I am trying to set up a callback function for custom file reading access with a C library mapped to Python using ctypes.
The callback basically receives position and number of bytes to read, and an empty string buffer (unsigned char *) that the data shall be written into.
My question is: How can I get the read data (which are Python bytes) into the buffer passed with the callback?
So far, I’ve got the following code:
class _reader_class:
def __init__(self, buffer):
self.buffer = buffer
def __call__(self, param, position, p_buf, size):
self.buffer.seek(position)
data = self.buffer.read(size)
print(position, size, data)
# TODO assign data to p_buf
return 1
(A reader object is initialised using _reader_calss(buffer), which is then wrapped with ctypes.CFUNCTYPE(...).)

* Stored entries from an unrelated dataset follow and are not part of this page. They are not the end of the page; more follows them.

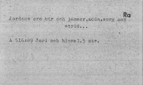 //// Ra //// Jordens oro h«r och jämmer.möda,sorg och 11 ¦ strid... //// K > //// A 516:69 Jord och himme1.5 str. ////
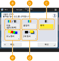 | 복사의 컬러 모드를 선택할 수 있습니다. 예를 들어, 컬러 원고를 흑백으로 복사하여 토너를 절약하거나 티켓을 빨간색 또는 파란색 등의 단색으로 복사하여 배포 날짜를 나타낼 수 있습니다. |
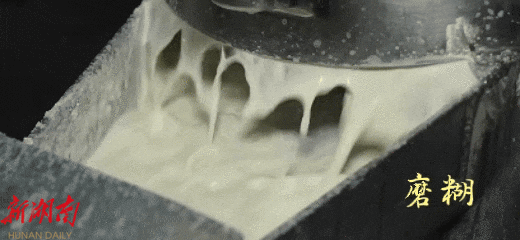 第三步:磨糊与煮浆。浸泡好的黄豆与水按一定比例进行磨浆, 磨浆时要注意控制水的量和速度, 随后利用超过100°的水进行微压煮浆, 沸水能杀死可能存在的有害微生物, 使其健康、易吸收, 下一步用细纱布过滤除渣, 使得豆腐更细腻。
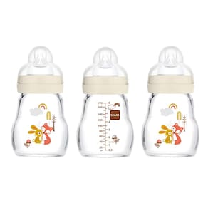 MAM Garrafa de vidro premium Feel Good Slow Flow, fácil de alternar entre o peito e a mamadeira, 142 g, 0+ meses, unissex, pacote com 3 - VIDRO PREMIUM: Feito de vidro resistente à temperatura de alta qualidade, a mamadeira pode ser aquecida, limpa na máquina de lavar louça e esterilizada em altas temperaturas. - Tampa de poeira: a tampa de poeira à prova de derramamento para bebês protege a mamadeira da sujeira e funciona como um copo medidor até mesmo para as menores quantidades, graças à sua escala integrada. - Amamentação livremente, um bico de silicone alongado, projetado como um mamilo, facilita uma transição fácil entre amamentação e mamadeira, apoiando a ligação mãe-bebê. - Garrafa livre de BPS/BPA: todas as mamadeiras MAM Feel Good são 100% livres de BPA e BPS, tornando-as ideais para alimentação do bebê, paz de espírito para os pais e um começo de vida ideal para bebês. - DETALHES DO PRODUTO: Garrafa de vidro premium MAM Feel Good, 142 g, 0+ meses, unissex, pacote com 3
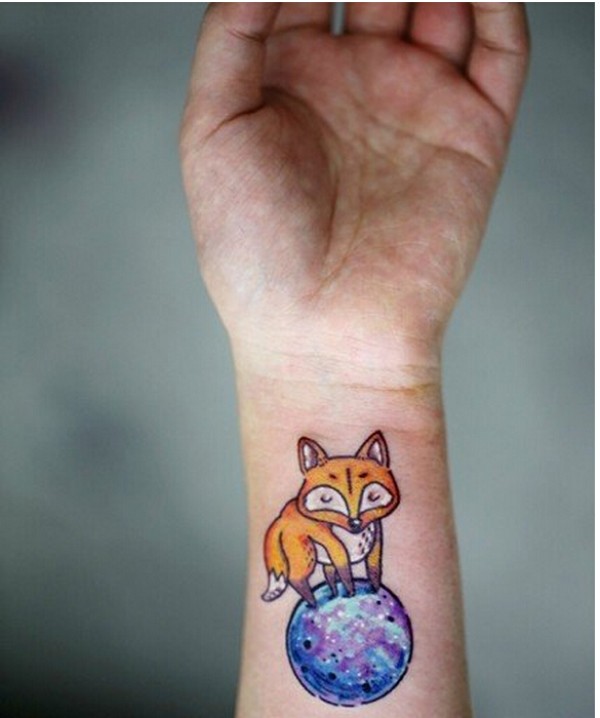 女生手腕漂亮好看的彩色星空狐狸纹身图片
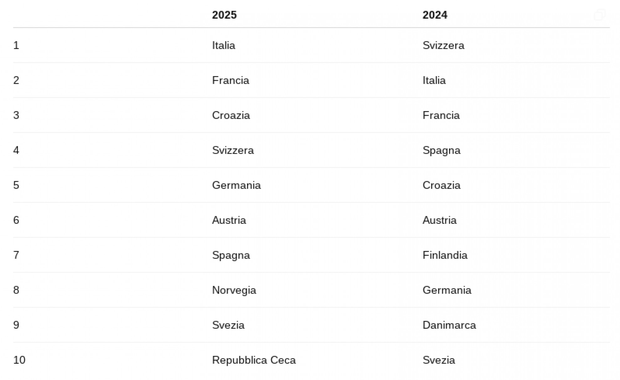 A perdere terreno sono invece la Svizzera, che nel 2024 era al primo posto, e la Spagna, che scivola di tre posizioni.
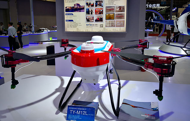 天鷹兄弟集團應組委會邀請,攜最新自主研發(fā)的多旋翼植保無人機TY-M12L精彩亮相2019年中國·廊坊國際經(jīng)濟貿易洽談會,受到政府領導及與會觀眾的高度關注,F(xiàn)場負責人毛海興介紹這款被稱為“長腦的打藥神器”藥箱容量為12升,續(xù)航時間是18-25分鐘,作業(yè)效率為70-90畝每小時;獨創(chuàng)C型機臂創(chuàng)新設計,一步式折疊收納,運輸更便捷;全機身模塊化設計,便于拆裝與維修,維護成本低;機身采用工業(yè)三防設計,在惡劣作業(yè)環(huán)境下也能正常運作;同時配備了智能化噴灑系統(tǒng),可針對不同作物及環(huán)境進行精準噴灑;支持全自主飛行控制及夜航作業(yè)飛行。
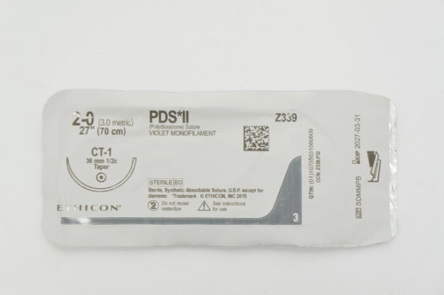 - Ethicon Z339 2-0 PDS II Polydioxanone Stre CT-1, 36mm 1/2c Taper, 27inch
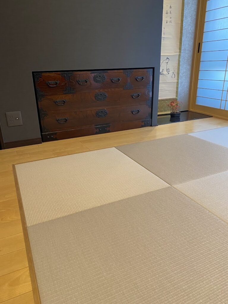 ホーム 製品紹介 サービス・料金 施工の流れ 井上製畳所について お知らせ/施工事例 お問い合わせ お知らせ/施工事例 リビングと繋がるお洒落な「和空間」灰桜色の琉球畳 お部屋の採寸から製作・納品 ダイケン和紙畳 琉球畳 新調 畳表:「清流 灰桜色」 畳床:ダイケン畳床 厚み:55㎜ 七畳半間 新調 価格: 11,500円 × 15帖 172,500円(税込) 「井上製畳所」 が製作する畳は全て オーダー 品です。 <お部屋の寸法・歪み・柱型・厚み等を正確に採寸し畳を製作致します> 2025年12月1日 « 前の記事へ 次の記事へ » アーカイブ 2026年1月 (11) 2025年12月 (26) 2025年11月 (23) 2025年10月 (23) 2025年9月 (26) 2025年8月 (22) 2025年7月 (27) 2025年6月 (24) 2025年5月 (27) 2025年4月 (25) 2025年3月 (26) 2025年2月 (24) 2025年1月 (24) 2024年12月 (23) 2024年11月 (23) 2024年10月 (28) 2024年9月 (23) 2024年8月 (26) 2024年7月 (28) 2024年6月 (26) 2024年5月 (25) 2024年4月 (31) 2024年3月 (28) 2024年2月 (24) 2024年1月 (21) 2023年12月 (29) 2023年11月 (27) 2023年10月 (29) 2023年9月 (28) 2023年8月 (21) 2023年7月 (15) 2023年6月 (2) カテゴリー 「ダイケン和紙畳」(一畳サイズ縁付き) (257) 「琉球畳」(ダイケン和紙畳・半畳サイズ) (215) 「畳」施工例集 (536) ○い草 施工例集 (44) ○セキスイ美草(樹脂畳) (14) ○ふすま紙 張替 (104) ○小畳・縁雑貨 (132) ○洋室に畳・置き畳 (44) ○障子紙 張替 (53) ●お知らせ (28) ●定休日・営業時間 (9) ラインナップ (4) 畳縁 (5)
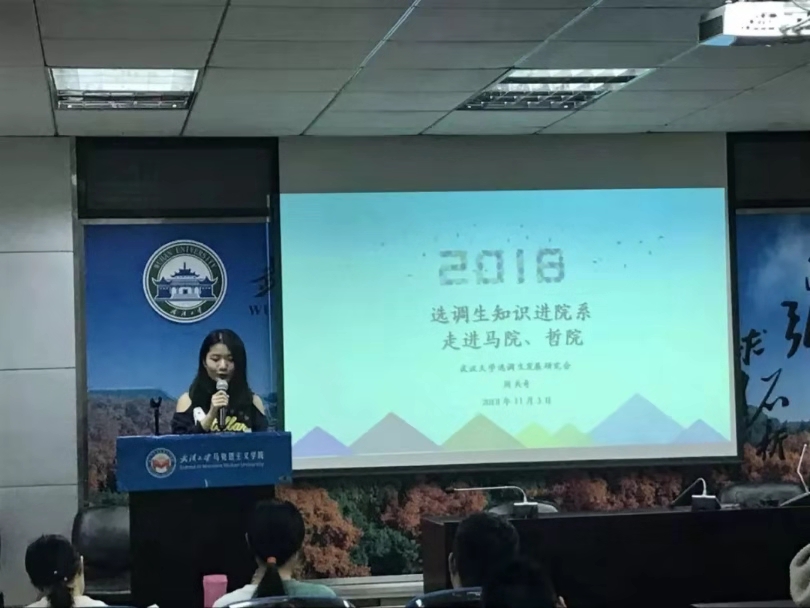 随后,2018届资源与环境五楼自拍 硕士、现就职于武汉市东西湖区慈惠街道办事处的刘畅结合自己的亲身经历,活泼生动地同大家分享了自己的选调生备考经验和入职体会。
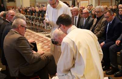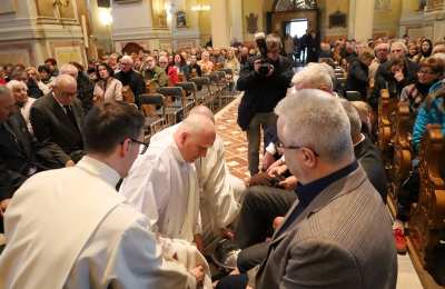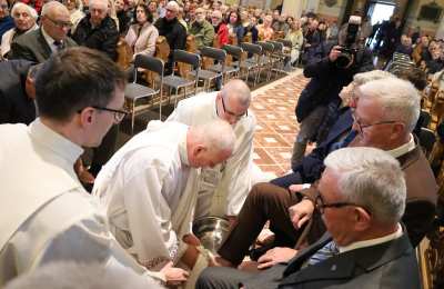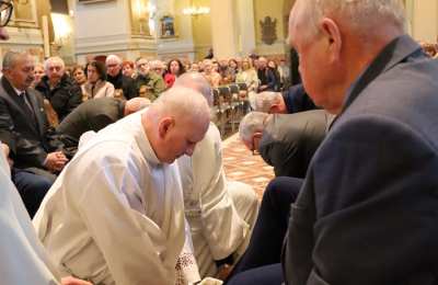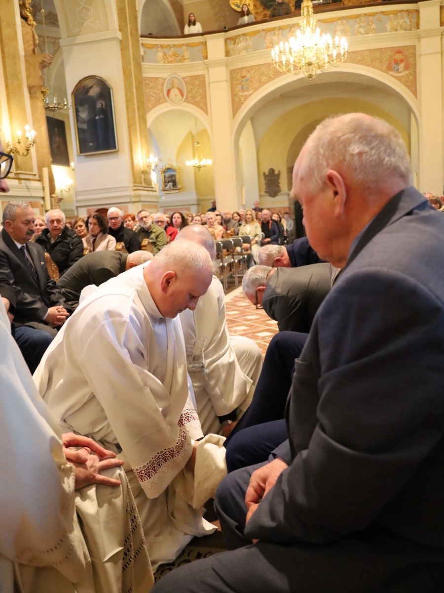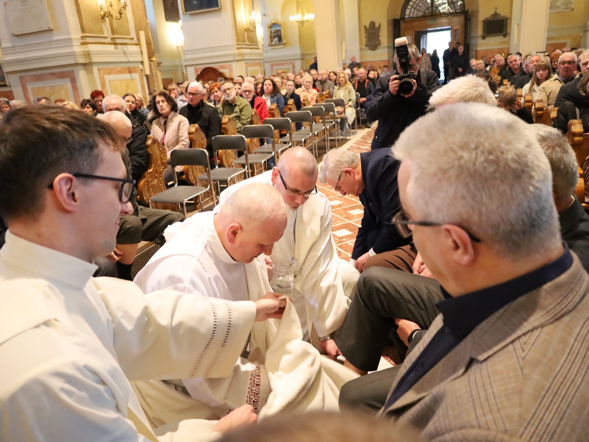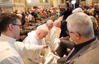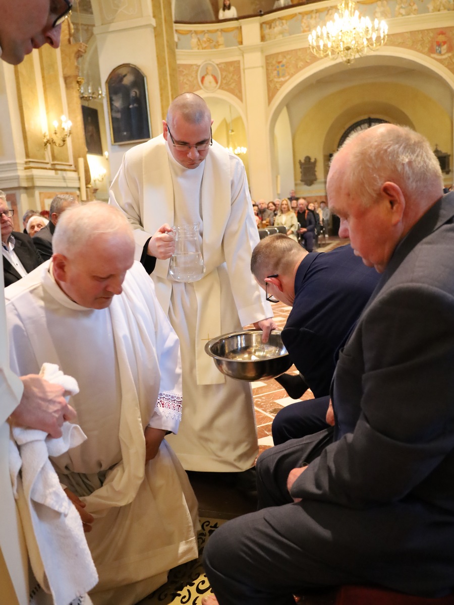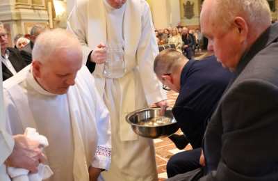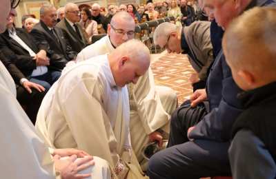 Podczas liturgii Wielkiego Czwartku bp Buzun obmył nogi dwunastu mężczyznom – przedstawicielom parafii.
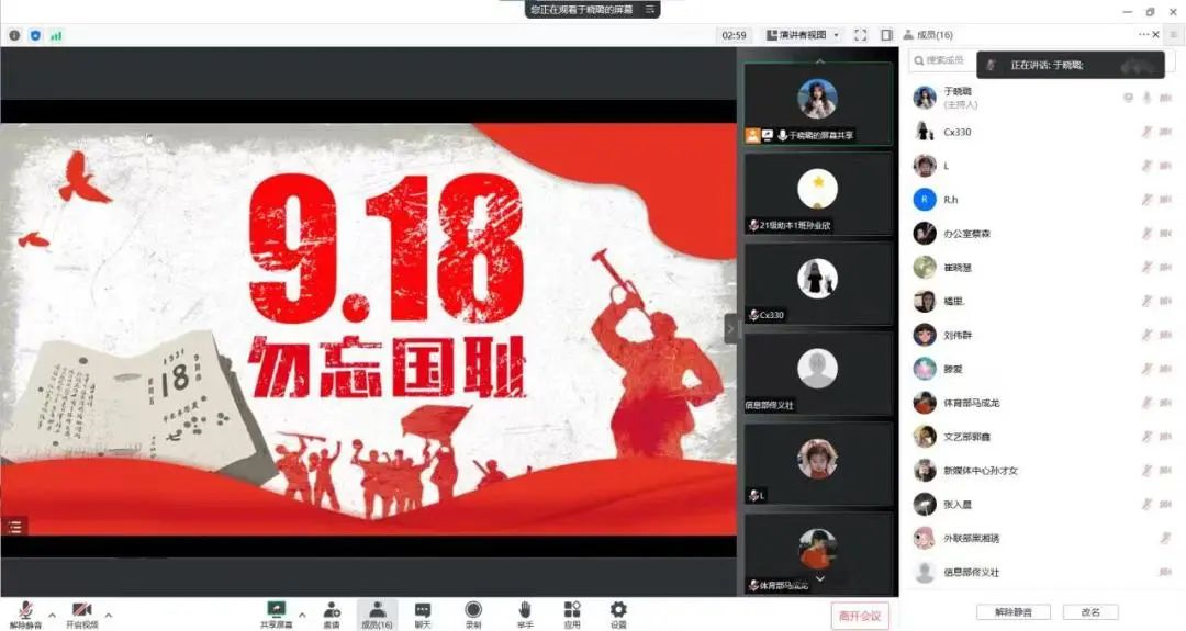 为纪念“九一八”事变91周年,铭记历史,缅怀先烈,大力弘扬以爱国主义为核心的民族精神,9月18日,护理学院通过腾讯会议开展了以“纪念九一八,弘扬民族魂”为主题的演讲活动,学生会各负责人参加了本次活动。
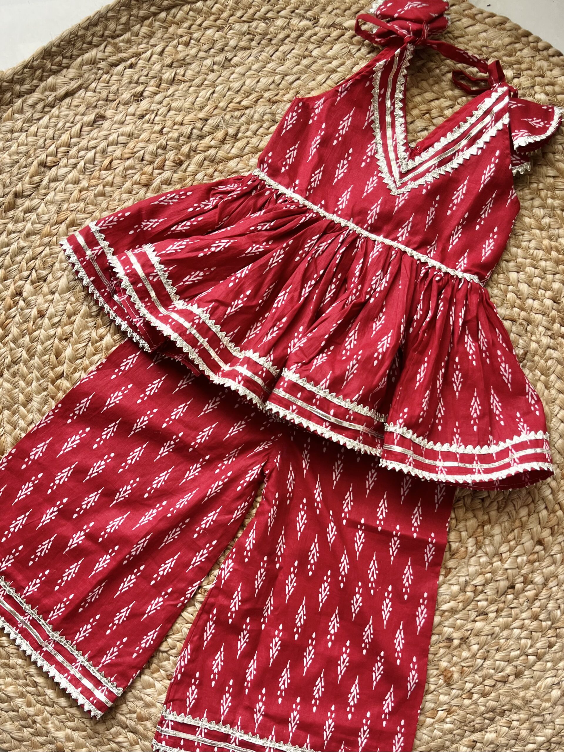 The Mehroon Ikkat Print Plazo Set strikes the perfect balance between contemporary trends and traditional elegance. Crafted with a mesmerizing mehroon hue and adorned with intricate ikkat print details, this three-piece set is designed to make you stand out in any celebration or casual gathering. Whether you’re attending a festive occasion or a relaxed outing, this ensemble elevates your look effortlessly with its rich, cultural charm.

I tried to use ctypes.memmove() as suggested in several forums:
I would need the C declaration of the callback and the ctypes.CFUNCTYPE(...) definition to be certain of anything here.
In general, there’s nothing wrong with using memmove() if the source address, destination address, and size are all correct. One problem I see is that self.buffer.read(size) may read fewer than size bytes. Also, since the type of data must be bytes, you don’t need create_string_buffer(). It’s an unnecessary copy of the data. The call should be ctypes.memmove(p_buf, data, len(data)).
That said, it’s inefficient to read the data as a bytes object just to copy it to the destination buffer. If self.buffer supports the readinto() method, you can avoid the copy by creating a ctypes array that references the destination buffer. For example, if p_buf is the address of the destination buffer:
That’s unexpected. Maybe there aren’t size bytes available from position to the end of self.buffer. But maybe it’s text data, and it zeroes the buffer beforehand to handle the result as a null-terminated string. Anyway, you’d see a system error in that case due to the added assertion, assuming you’re running a debug build (i.e. __debug__ is true) instead of a release build. (Python calls the latter an ‘optimized’ build. This mixed-up terminology is confusing. Optimization is separate from compiling the debug or release version of a program.)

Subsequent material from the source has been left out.